Молодой господин осмотрел ряды самых лучших костюмов и заметил, что они превосходного качества, в лучших традициях венецианских карнавалов. Сердце синьора Трезини радостно забилось. Наконец-то появился знаток, разбирающийся в тонкостях карнавальных костюмов. Он спросил, как обращаться к столь дивному клиенту. Ему назвали приятную фамилию, не такую русскую, какую синьор Трезини порой не мог выговорить, а почти итальянскую.
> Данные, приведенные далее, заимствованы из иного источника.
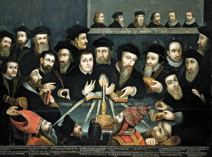 Harmadikként, végül, de nem utolsósorban pillantsunk a kiállítás látogatóitól búcsúzó textilháttérre, amely a kereszténység családfáját ábrázolja, az egyik legnagyobb hívő gondolkodó, az amerikai-angol T. S Eliot szavaival: „Egy fát nem lehet felépíteni, csak elültetni lehet…” Maradéktalanul igaz ez a reformáció ötszáz esztendős fájára is. Amelynek növekedését e nagy gonddal és szeretettel létrehozott látványegyüttes híven, s minden felekezetnek élményt és tanúságokat kínáló módon ábrázolja. Harag és részrehajlás nélkül.

– О, синьор Ванзари! – в волнении проговорил он. – Чем я могу быть вам полезен?
– Я пока еще не решил, что выбрать. Быть может, у вас есть альбом?
Для такого клиента ничего не жалко! Синьор Трезини выложил на прилавок папку, в которой были собраны эскизы его коллекции. Господин листал ее с интересом, отпуская точные и верные замечания. Наконец ему попалась гравюра с классическим глухим плащом, tricorno и маской bauta, какой можно пугать детей: с вытянутым вперед острым подбородком, крючковатым носом и пустыми круглыми глазницами.
– Великолепно! – сказал синьор Ванзари, постукивая пальцем по рисунку. – Это то, что мне нужно. Могу взглянуть?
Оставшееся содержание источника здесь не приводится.